Hypothetical reader: "I keep feeling the urge to jump out the window. Does that mean I'm suicidal?" If they find no physical issue that could be leading to intrusive thoughts, they may refer you to a licensed psychologist or psychiatrist. These individuals are trained to recognize the signs and symptoms of possible causes for intrusive thoughts, including OCD and PTSD. Intrusive thoughts, as these are called, are thought to affect some six million Americans, according to the Anxiety and Depression Association of America.When I was 15 I went to counselling, but I was so terrified of opening up that I used to sit in silence until the end of the session. The only person I could talk to was my mum, as she could understand the pain I was going through, but I still thought she was going to send me to a psychiatric hospital. This book is absolutely life changing for those with "scary" intrusive thoughts. The two psychiatrists break the stereo type that if you have a uncomfortable thought, it doesn't define you as a person. This book helped me put my anxiety in perspective, but there is lots of work to be done with me and my anxiety.

It can be especially helpful for intrusive thoughts that become obsessive because it helps to create distance between a person and their thoughts. For example, you might be worried about an important task you have to do at work, and are convinced it will go wrong and everyone will think you're a failure. In most cases, intrusive thoughts do not have any particular meaning. As long as you recognize that these are only thoughts, and you have no desire to act on them, intrusive thoughts are not harmful. It turns out that commonsense approaches to stopping our worries, such as pushing thoughts away, arguing with them, or seeking reassurance, actually feed these worries and help them grow. Sally Winston and Martin Seif—two of the brightest minds in our field—deliver a simple yet powerful two-step process for change.”Don’t fight with it. When you have an intrusive thought, just accept it. "Don’t try to make it go away." If you suffer from unwanted, intrusive, frightening, or even disturbing thoughts, you might worry about what these thoughts mean about you. Thoughts can seem like messages - are they trying to tell you something? But the truth is that they are just thoughts, and don’t necessarily mean anything. Sane and good people have them. If you are someone who is plagued by thoughts you don’t want - thoughts that scare you, or thoughts you can’t tell anyone about - this book may change your life.

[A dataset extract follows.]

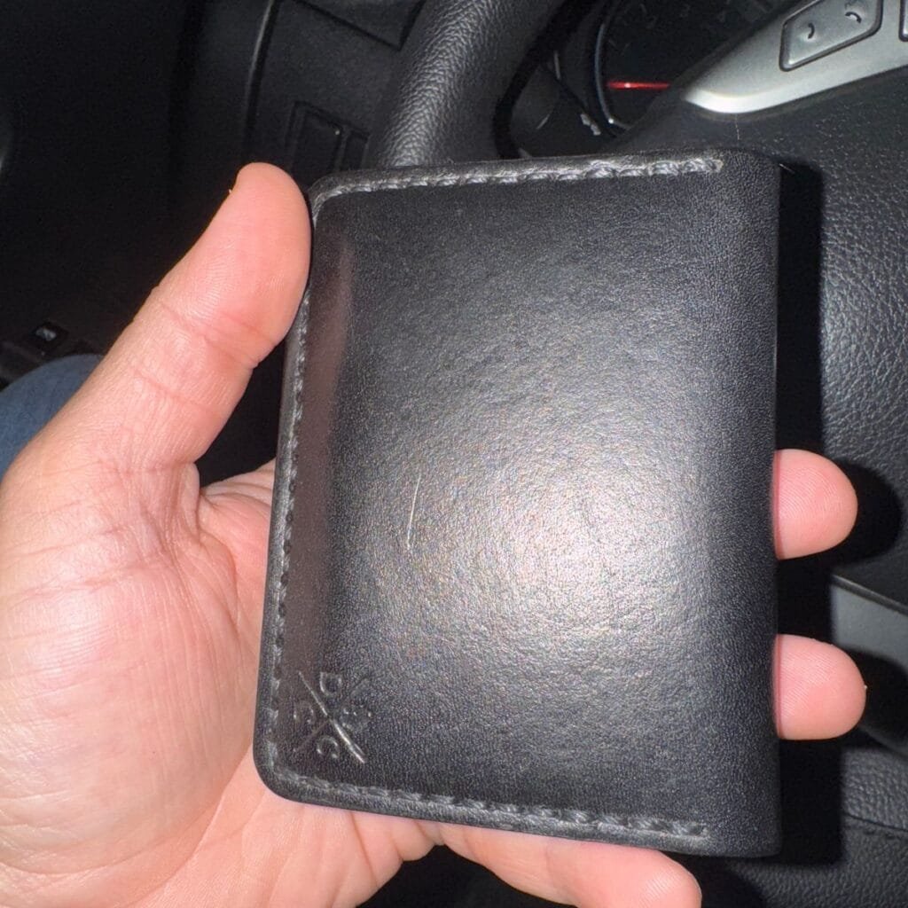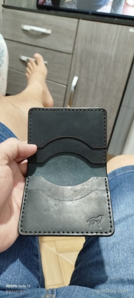 Carteira muito bom aparentemente gostei do tamanho super prática apesar de após dois dias de uso eu verificar que o couro ficou um pouco rececado mais já adquiri o bálsamo para fazer ela durar mais

The path to the other side of the storm where all is calm is through it. We can't outrun it or circle around it. But if we walk forward through it, it does not take long to pass." This important book is essential and mandatory reading for anyone affected by unwanted and intrusive thoughts, and their health providers. The authors crystallize decades of experience into a perfectly clear and readable guide. The solution to this misunderstood problem is in this book.” Animals can be incredibly calming to an anxious mind. They have no understanding of our complex, troubled thoughts, so they can provide distraction and uncomplicated emotional support.